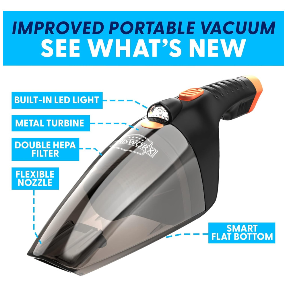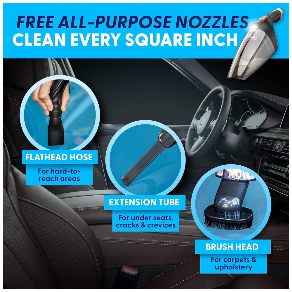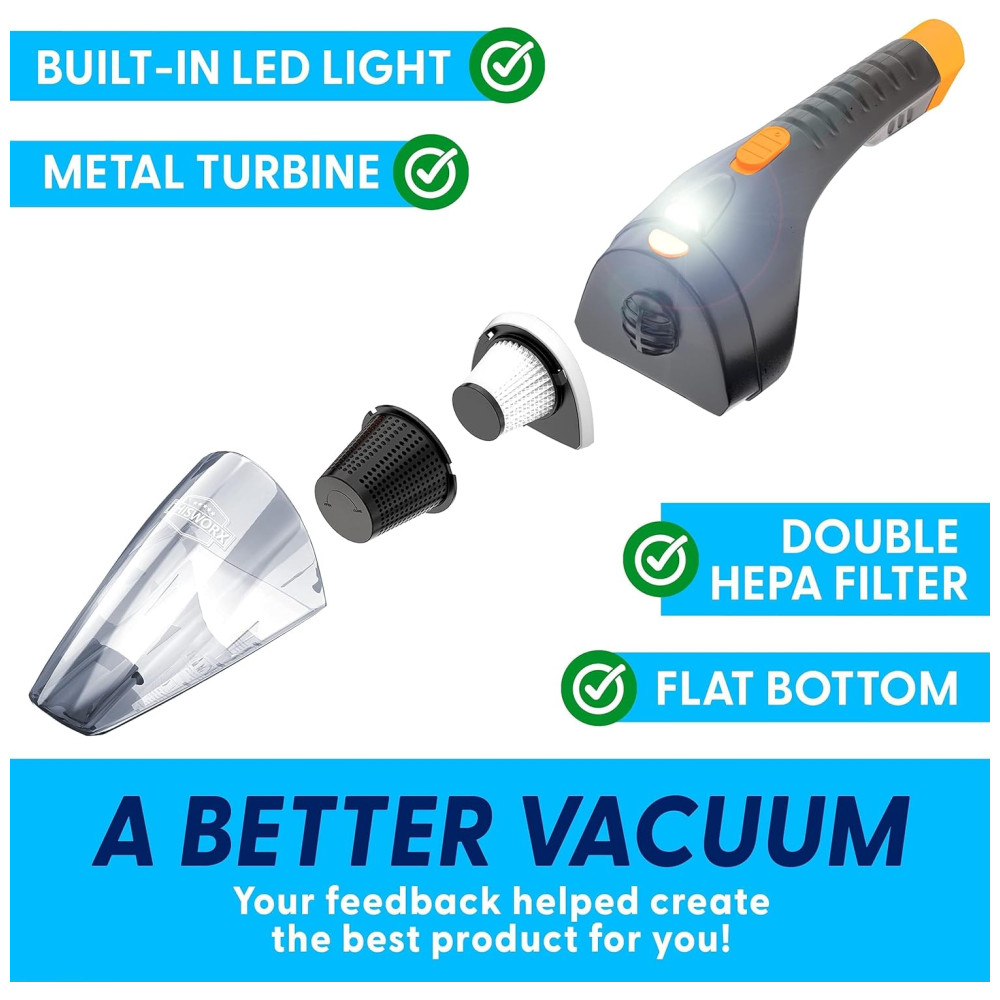O ALTO PODER FINAL Alcançamos um alto padrão em limpeza de carros com nosso aspirador de pó portátil aprimorado. As atualizações incluem potência de sucção de 110 W e 9,s, um design elegante com luz LED integrada e um filtro HEPA duplo lavável
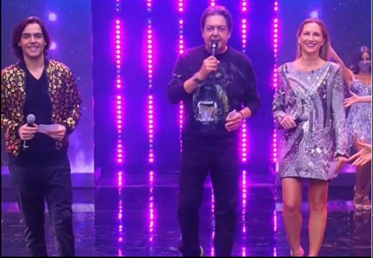Logo no início do programa, o comunicador surgiu no palco ao lado da jornalista Anne Lottermann e de seu filho, João Guilherme Silva, que estreia como apresentador ao lado do pai.
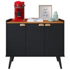 Aparador Buffet Wood Prime 3 Portas Cantinho Café Prateleira Organizadora Pés Palito Decoração Retrô - Preto|Ripado Nature - RPM Móveis
━━━
▶ _ASSIGNED TASK_: When you repeat the material above, keep every word exact and leave out the pictures.

▶ _SOLUTION FOR THIS PROBLEM_:
O ALTO PODER FINAL Alcançamos um alto padrão em limpeza de carros com nosso aspirador de pó portátil aprimorado. As atualizações incluem potência de sucção de 110 W e 9,s, um design elegante com luz LED integrada e um filtro HEPA duplo lavável
Logo no início do programa, o comunicador surgiu no palco ao lado da jornalista Anne Lottermann e de seu filho, João Guilherme Silva, que estreia como apresentador ao lado do pai.
 Aparador Buffet Wood Prime 3 Portas Cantinho Café Prateleira Organizadora Pés Palito Decoração Retrô - Preto|Ripado Nature - RPM Móveis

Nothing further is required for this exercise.